With regard to the first aim, generally, we found an increased prevalence of depression, substance abuse, anxiety disorder, and reaction to severe stress diagnoses among people with Crohn’s disease and ulcerative colitis compared to people without these diagnoses (see Table 1). The one exception was substance abuse diagnoses among people with ulcerative colitis, which was found to be as common as these diagnoses among people without ulcerative colitis.
With regard to the second aim, we found that people diagnosed with Crohn’s disease had 1.6 times the rate of completed suicide, compared with people without a Crohn’s disease diagnosis (95% confidence interval: 1.1, 2.2). Interestingly, this association held even when adjusted for demographics, co-morbid depression, substance abuse, anxiety disorder, and reaction to severe stress diagnoses. In other words, we found an association between Crohn’s disease and suicide that was independent of these factors.
With regard to the third aim, we found that people diagnosed with ulcerative colitis had 1.5 times the rate of completed suicide, compared with people without an ulcerative colitis diagnosis (95% confidence interval: 1.2, 1.9). Similarly to our Crohn’s disease findings, this association held even when adjusting for demographics, co-morbid depression, substance abuse, anxiety disorder, and reaction to severe stress diagnoses.
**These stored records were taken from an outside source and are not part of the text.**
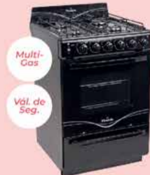
Cocina Florenzia Art. 015016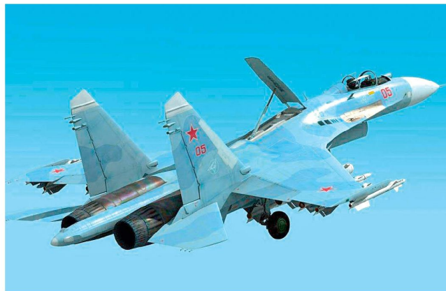
Mehrzweck-Kampfflugzeug Suchoi Su-35 «Flanker-E».

Gemäss Vertrag von Ende Januar 2010 wird Russland in den nächsten Jahren Waffen und Kampftechnik im Umfang von mehr als zwei Mrd. SFr. an die libyschen Streitkräfte liefern. Gleichzeitig wird Russland an Libyen alte Schulden in Höhe von rund fünf Mrd. SFr. erlassen. Unterdessen sind weitere Details zum neuen Waffengeschäft bekannt geworden. Der Vertrag beinhaltet einerseits die Lieferung von Infanteriewaffen, u. a. auch einer grösseren Anzahl von Sturmge- wehren «Kalaschnikow» an die libyschen Landstreitkräfte. Zudem sollen die etwa 200 vorhandenen Kampfpanzer T-72 generalüberholt und modernisiert werden. Einen Schwerpunkt bildet die Lieferung von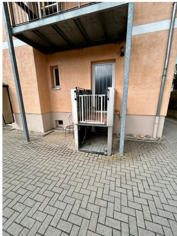
Barrierefreier Zugang zum EG r.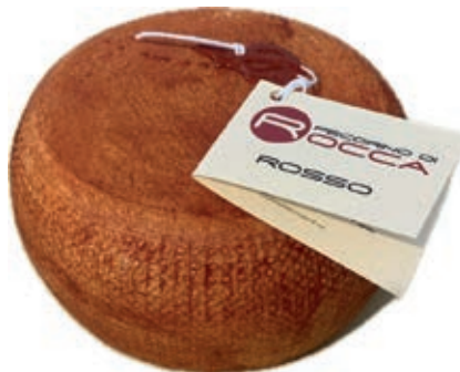
PES205 PECORINO ROCCA ROSSO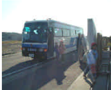
参加児童の送迎大型 中型バス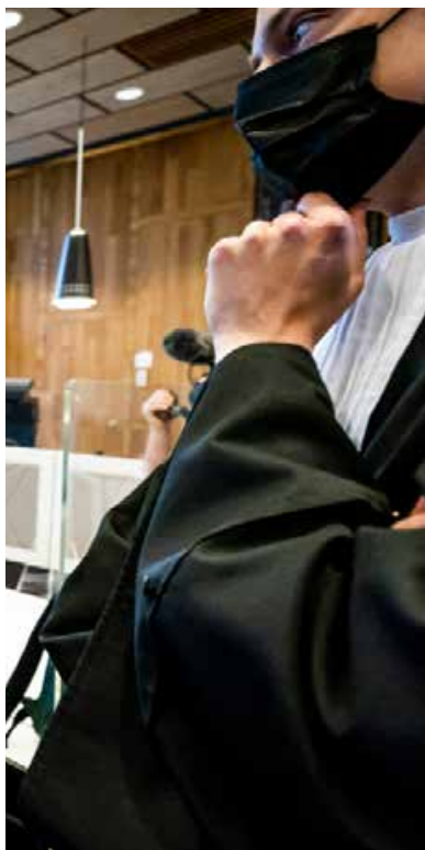
Remko de Waal / ANP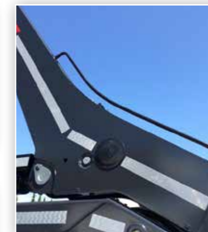
Sinnvoll geschwungenes Hubarmsystem beim Absetzkipper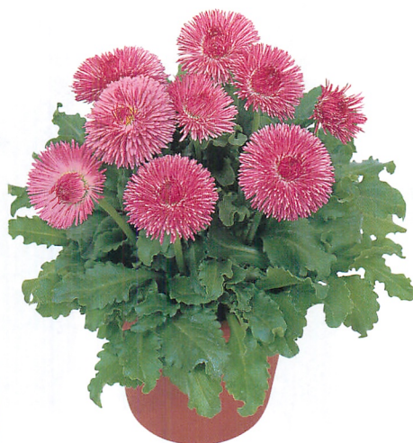
チロリアンデージー® クララ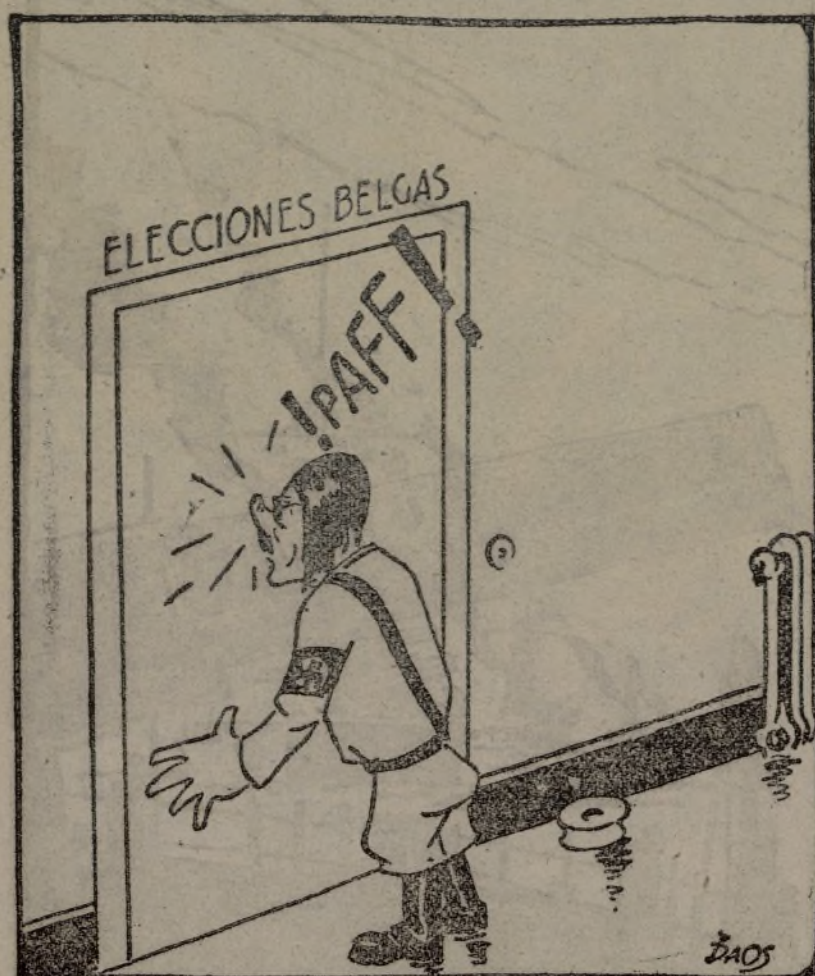
Bsa maldita costumbre...

ER EJERCITO DEL SUR.—Frente de Córdoba.—Por la carretera de Villaharta siguió el avance y empuje de nuestras tropas, que ocuparon varias lomas que flanquean el cerro de Chimorra, continuando la operación para limpiar completamente de facciosos la sierra citada. Por Fuenteovejuna se ocupó, con gran brillantez, la importante posición de Santa Bárbara, infligiendo al enemigo duro castigo. En los demás frentes de este Ejército, sin novedad.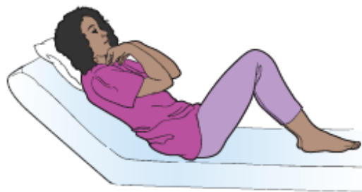
Рисунок 9. Касание плеч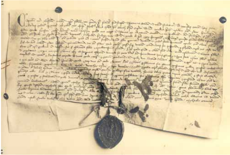
1. kép. A Wass család adománylevele (Wass cs lt [1176–1196], 1349. XII. 15-i átiratban. MOL DF 252690)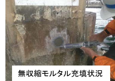
無収縮モルタル充填状況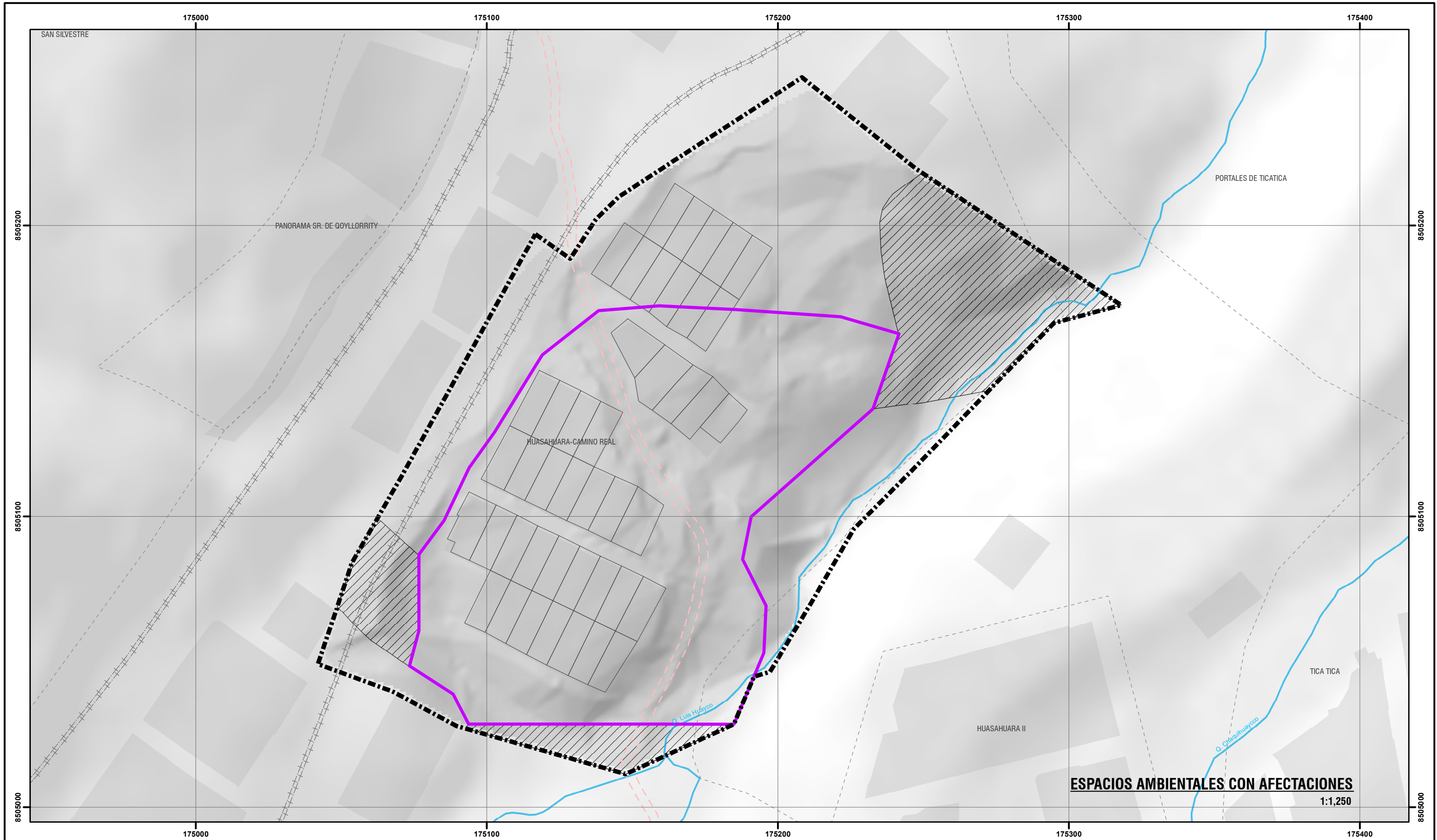
ESPACIOS AMBIENTALES CON AFECTACIONES 1:1,250

Interestingly, we also found an interaction between ulcerative colitis and depression and ulcerative colitis and anxiety disorders, indicating that those with both ulcerative colitis and depression or both ulcerative colitis and anxiety disorders had an increased rate of suicide compared to the rate that would be expected based on the individual rate among people with either ulcerative colitis, depression or anxiety disorder diagnoses alone.
iv. Lay Summary
This project examined the association between inflammatory bowel disease (IBD) and suicide. Additionally, we explored the prevalence of depression, substance abuse, reactions to severe stress, and anxiety disorders among people with and without IBD. Studies have shown that depression, anxiety, and suicide mortality may be problems people with IBD encounter. However, research studies in this area are limited and many clinicians who treat IBD do not integrate screening for mental illness or suicidal behavior in their clinical care. Using data contained in the Danish health care registries from 1981–2006, we conducted three main analyses. The first compared the percentage of people diagnosed with depression, substance abuse, reactions to severe stress, and anxiety disorders among people diagnosed with either ulcerative colitis (UC) or Crohn’s disease (CD) to the percentage of people diagnosed with depression, substance abuse, reactions to severe stress, and anxiety disorders among people with UC or CD. The second analysis examined the association between being diagnosed with UC and committing suicide and the final analysis examined the association between being diagnosed with CD and committing suicide. We found that people with CD or UC had an increase prevalence of depression, substance abuse, reactions to severe stress, and anxiety disorders with one exception – substance abuse diagnoses were equally common among people with and without UC. Additionally, we found that those with CD or UC had a modestly increased rate of suicide compared with those without these diagnoses and those with UC and depression or UC and anxiety disorders may be at particular risk for suicide. The current study adds to existing evidence in support of screening for psychiatric illness among patients with IBD and screening for suicidality, particularly among patients with comorbid UC and depression or anxiety disorders.